The key point here is that TZASC and other bus peripherals can grant access for the secure world to read/write normal world memory. You would have to verify MMU tables, and other data structures for the case of a full blown OS like Linux. Module loading, processes running, etc. all need verification. However, if you have a much simpler system in the normal world it may be possible to verify it. Most likely you have to settle for a portion of it. Random sampling of the PC might be a deterrent; but nothing will be fool-proof unless the normal world is proof carrying code.

  1. Suppose I want to see what processes are running in the normal world, do I have to use a kernel module in the normal world to help me do this? If so, how do I make sure that it has passed the right result to the secure world? To be precise, how do I check that whether the kernel has been comprimised?
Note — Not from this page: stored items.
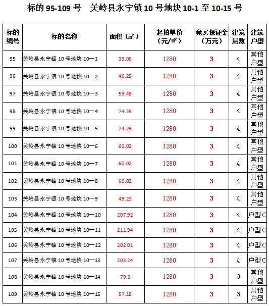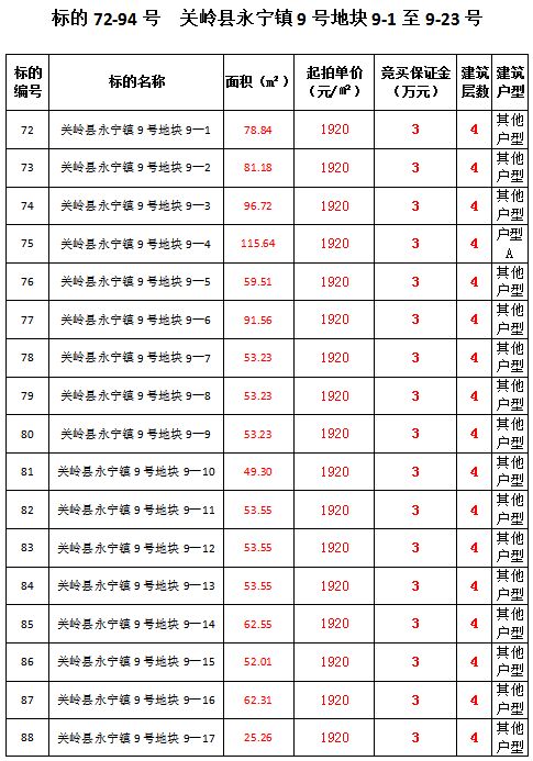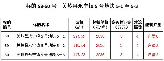 關嶺縣永寧鎮109宗宅基地,面積25.26—297.99㎡,起拍價717—2036元/㎡。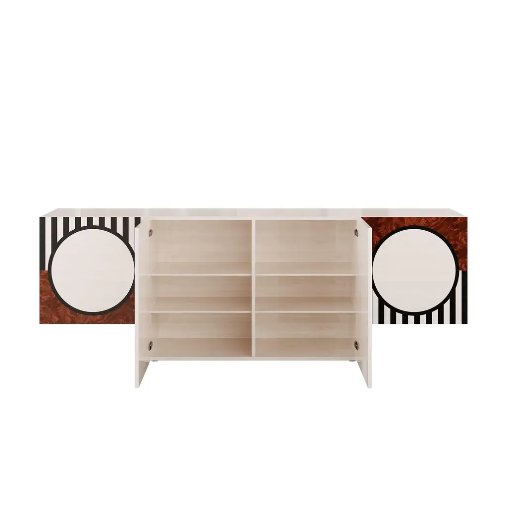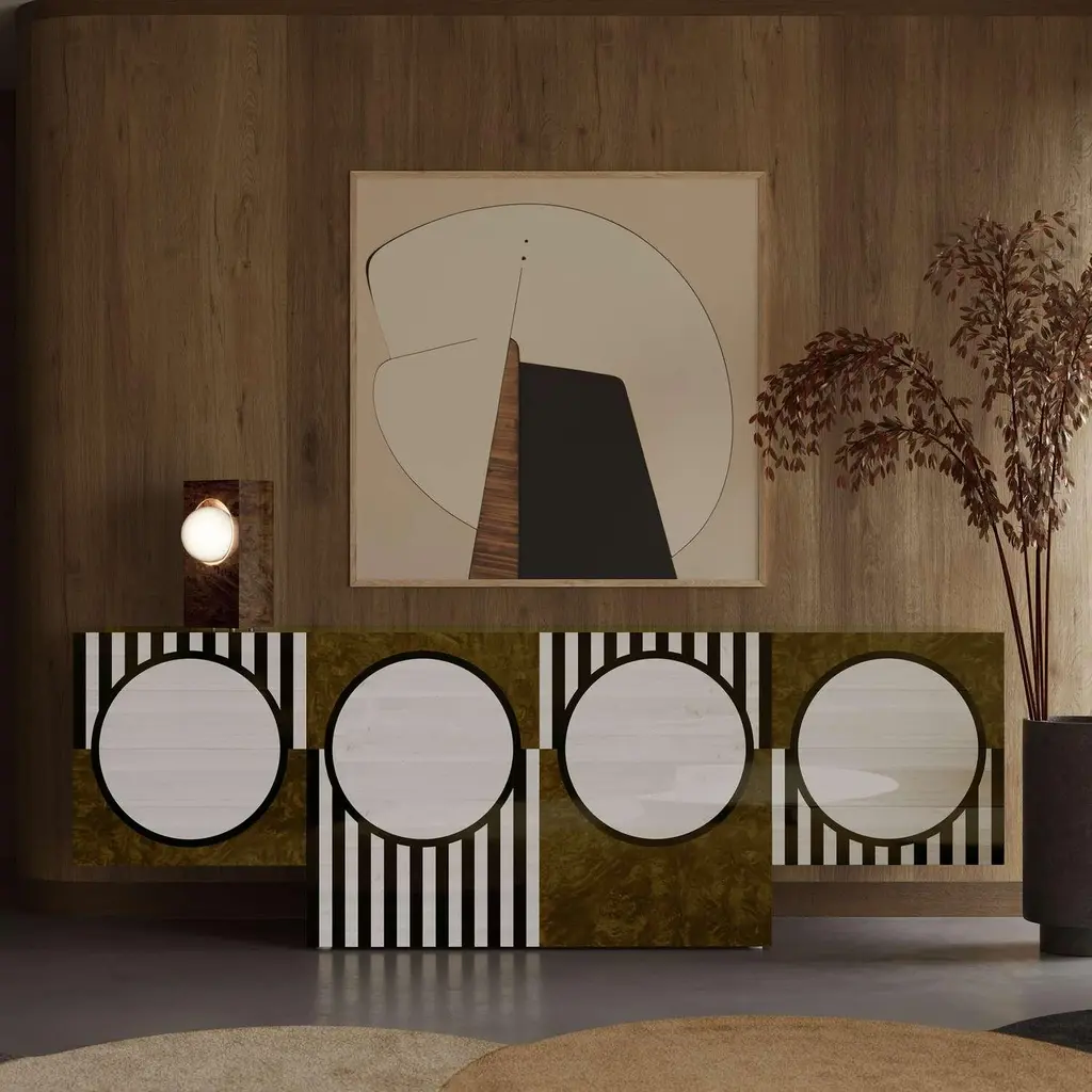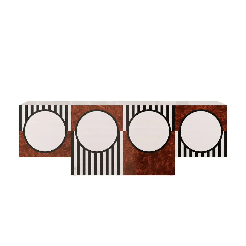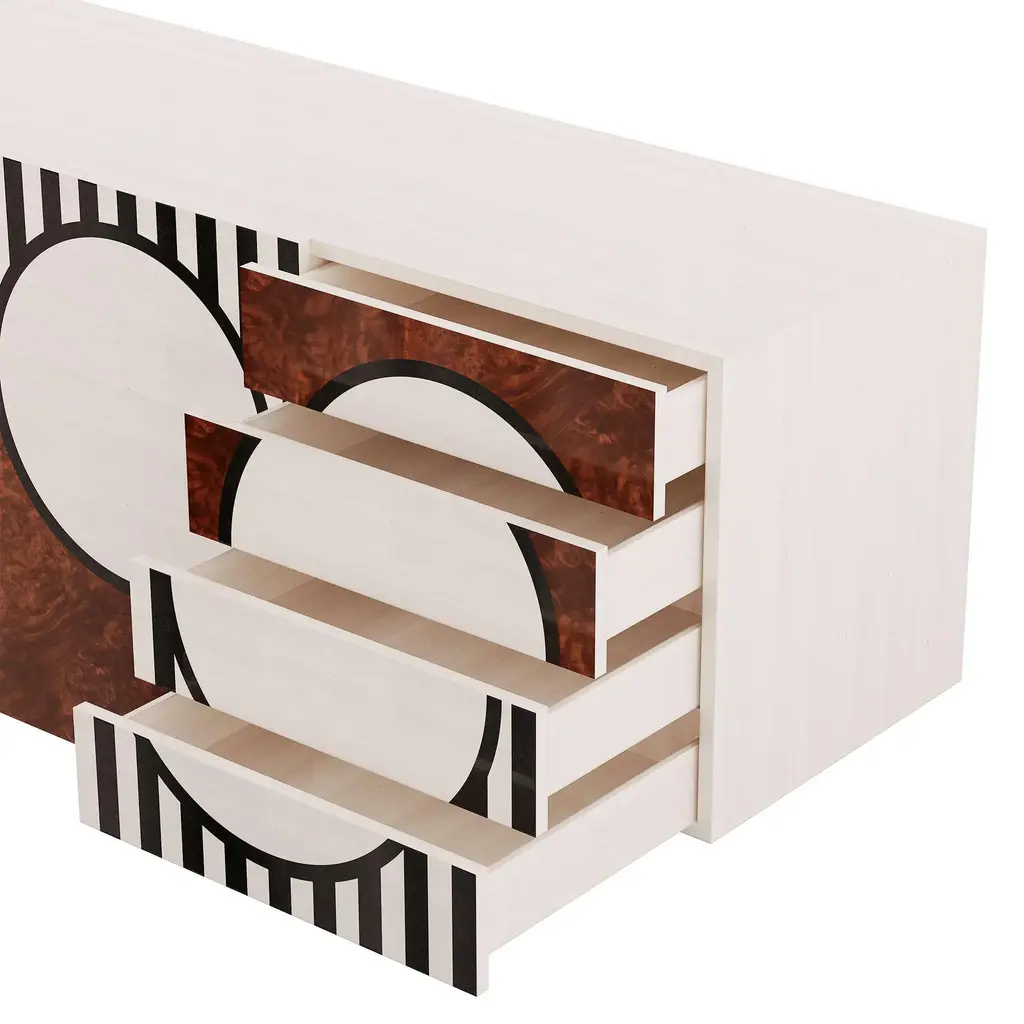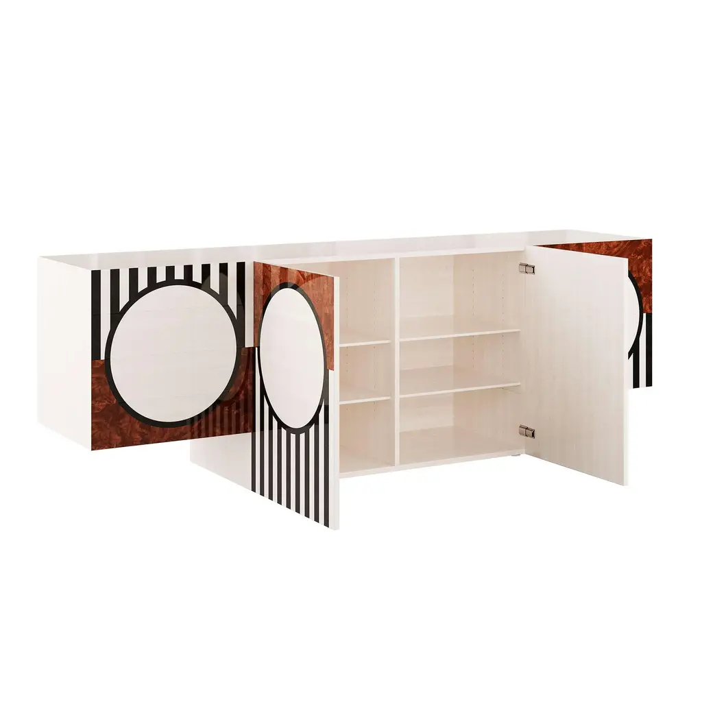 The Jojo Sideboard is designed to infuse your living space with sophistication and creative expression. This modern sideboard showcases impeccable craftsmanship and timeless allure, highlighted by its striking Art Deco geometric pattern inspirations. The Jojo Sideboard promises to enrich any room with its sleek lines and artistic design. It is perfect for contemporary interiors and offers ample storage while serving as a stunning focal point. Whether placed in a dining room, living room, or hallway, this versatile piece enhances the ambiance with its refined presence and unique aesthetic. Dimensions: Width: 240 cm | 94.5 in – Depth: 55 cm | 21.7 in – Height: 82 cm | 32.3 in Materials: Doors in Marquetry Gloss Black Bird Eye; White Maple, Walnut Root Structure and interior in Gloss White Maple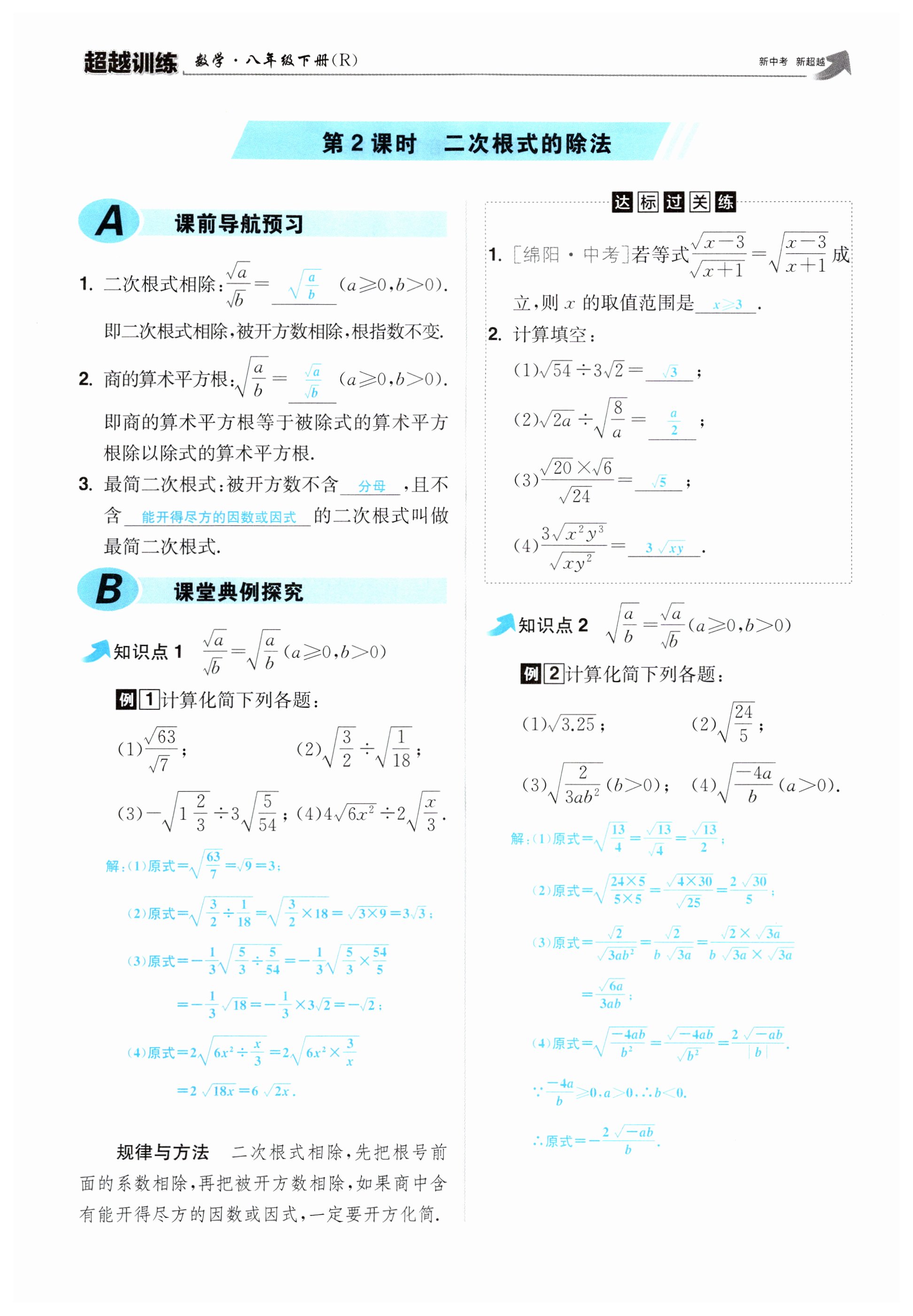 注:目前有些书本章节名称可能整理的还不是很完善,但都是按照顺序排列的,请同学们按照顺序仔细查找。练习册 2024年超越训练八年级数学下册人教版 答案主要是用来给同学们做完题方便对答案用的,请勿直接抄袭。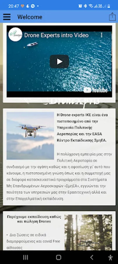 Drone experts IKE is a certified by the Civil Aviation Authority and the EASA Training Center SMEA. Our many years of experience in Civil Aviation combined with the love as well as the dedication for what we do, the certified knowledge as well as our participation in various construction programs in the Unmanned Aircraft Systems "SmEA", guarantee the quality of our services in Amateur but also in Vocational education.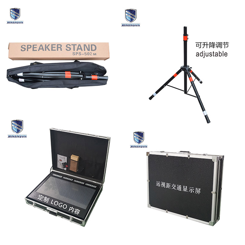 LED顯示屏高亮度、尺寸大,發(fā)光亮度可調,在陽光下、夜晚、霧天、雨天等各種環(huán)境下均能做有效顯示。支架可升降,收縮,方便攜帶,移動。屏體外包裝高強度鋁合金箱。特制加配重三角架外包裝采用可背或手提式雙用防水牛津布袋。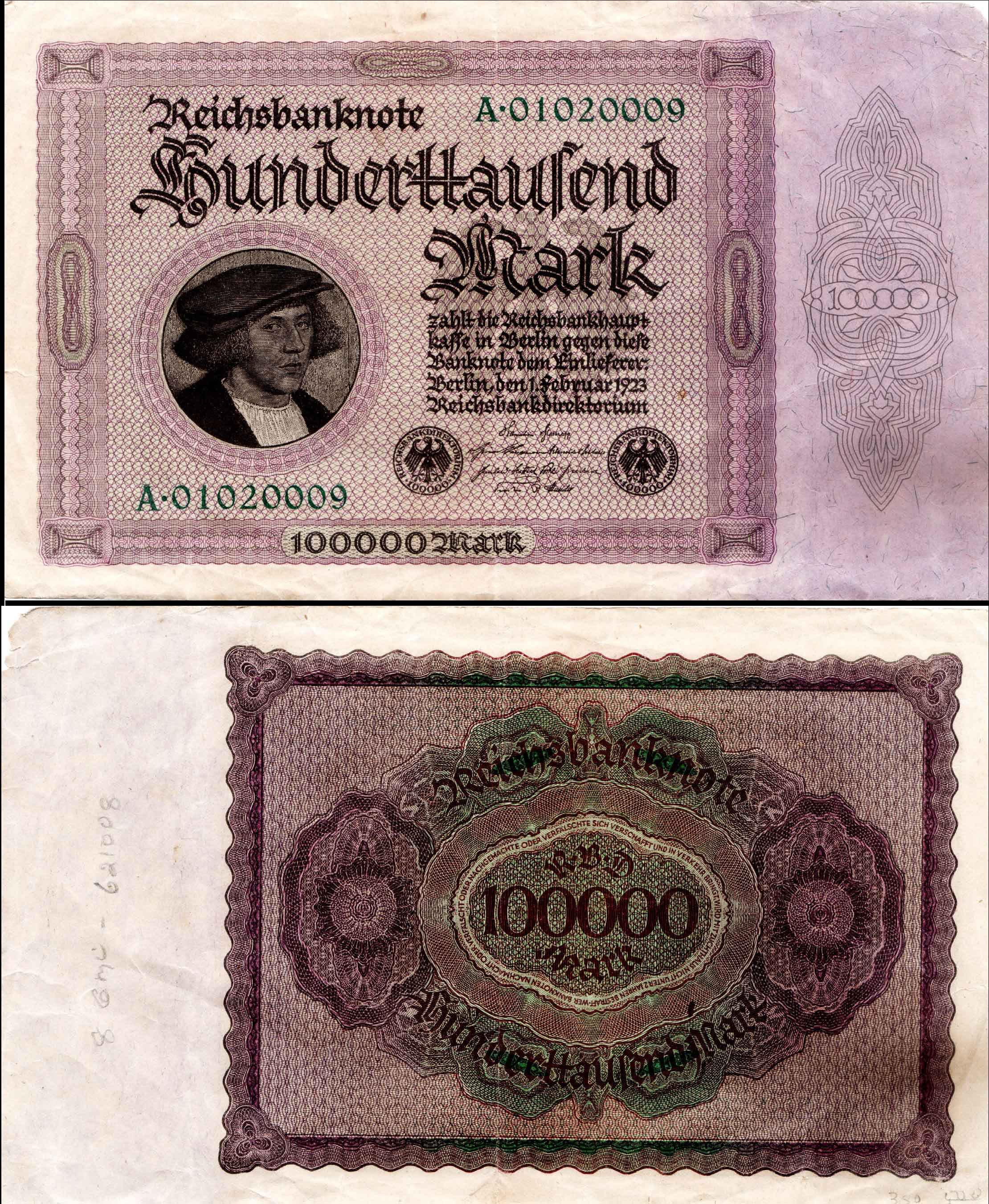 German 100,000 Mark Reichsbanknote Used & Damaged Banknote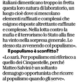 In particolare, prendendosela con un “veterano della missione italiana”, avventuratosi a dire al Giornale della famiglia Berlusconi che “i nostri insegnamenti sono stati efficaci”, ha commentato: “Gli abbiamo insegnato a scappare”. Il direttore del Fatto Quotidiano merita di ricevere per ritorsione, diciamo così, ciò che lui ogni lunedì dice ad un po’ di malcapitati della settimana precedente non sfuggiti alla sua attenzione in una rubrica editoriale sotto questo titolo: “Ma mi faccia il piacere”.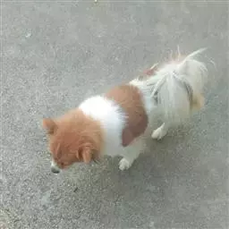 步态:吉娃娃动作迅速、坚定,具有很强的后躯驱动力。从后面看,后腿间始终保持相互平行,后脚落脚点始终紧跟前脚。前后腿都倾向于向重力中心线略靠,使速 红白花吉娃娃 度加快。从侧面看,前躯导向配合后躯驱动,昂首阔步。行动中,背线保持水平、稳定。文雅而且不费力,前肢舒展、结实,后躯推动力强。从侧面看时,步幅恰当,从正面和后面看时,行走呈直线,这是因为具有健全的骨骼及肌肉的原因。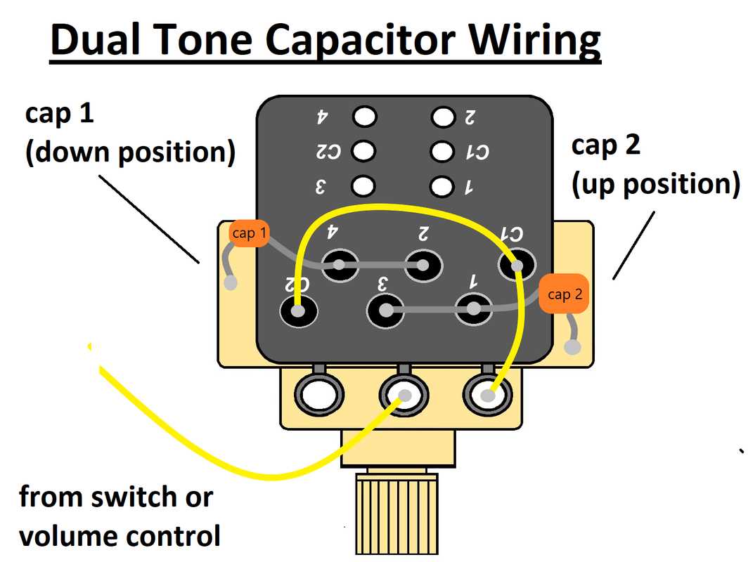 I also understand that if I put a resistor across one of the positions of a dual 500k pot I could achieve the same two "tones" (but apparently this might have problems when tapering the volume - which becomes "on /off" - I assume this is when an audio pot is used - I wonder if it's a problem if a linear pot is used?) As per this Picture (although I've no idea where to position this on a dual pot):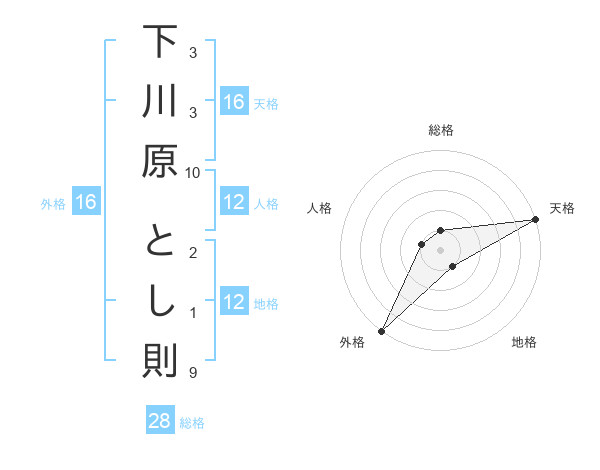 下川原 とし則さんの外格は16画の5点!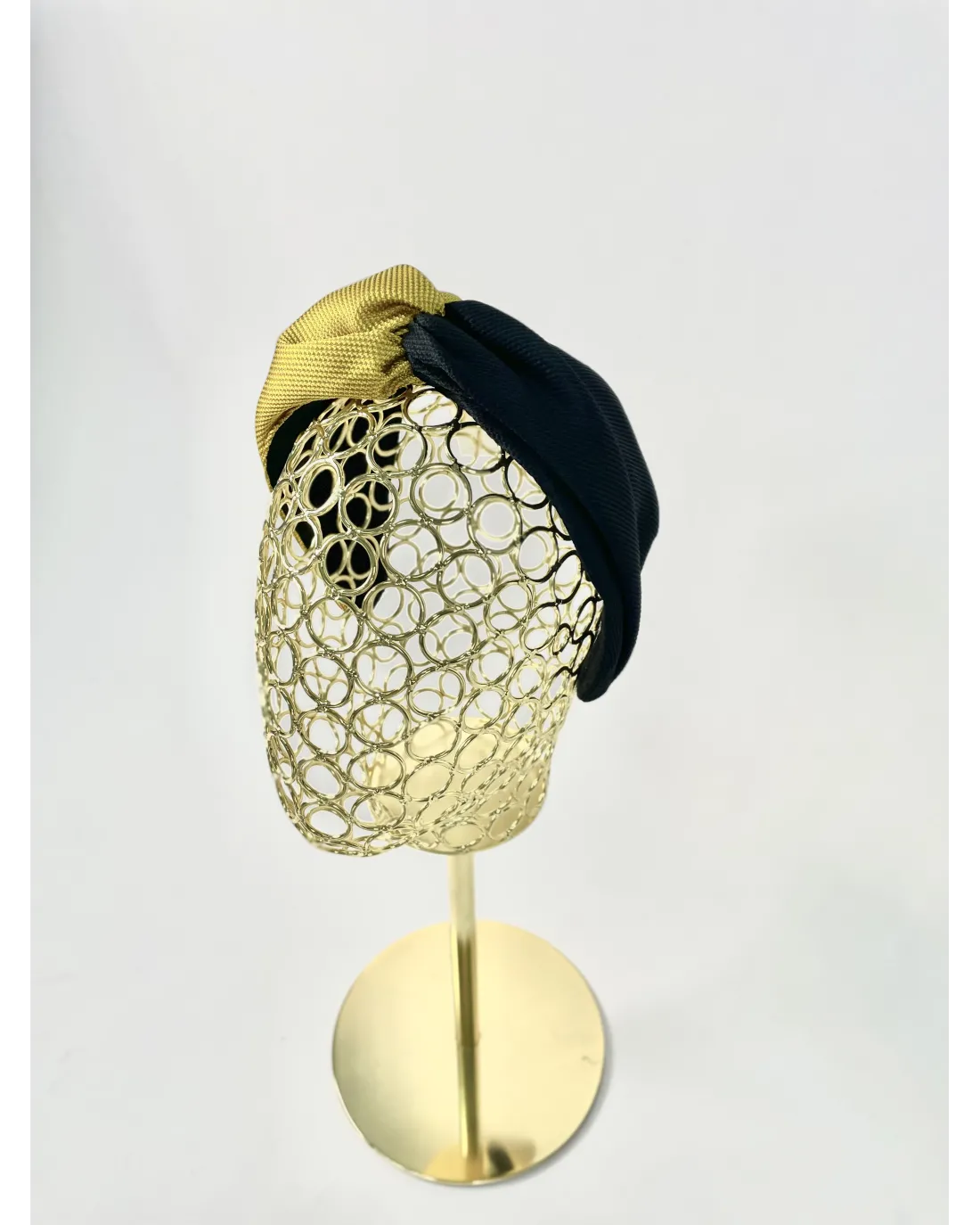 Tocado montado sobre diadema ancha con velo de rejilla con topos a tono y lazada con nudo en la parte superior.

Your secure world can contain an OS (or primitive scheduler) which will periodically check the normal world code integrity. There are hardware modules like an RTIC, etc. You can also use the TZASC to lock the kernel code to normal user (no access) and normal supervisor as read-only. comprimised is an overloaded word. At some point you must trust something. Can the private key be replicated if the normal super is compromised? You have to define your security goals. In the any sense/meaning, of course the normal world kernel can be compromised. You don't have a complete specification of its behaviour to verify from the secure world.

  1. Suppose I have a RSA key pair and I keep the private key in the secure world. When a process request to decrypt some data, how does secure world get to know whether the request is from a legislative process? A whitelist mechanism might help, but what if the kernel in normal world has been compromised and the adversary pretend to be legislative? The secure world seems to know nothing about what is happening in the normal world.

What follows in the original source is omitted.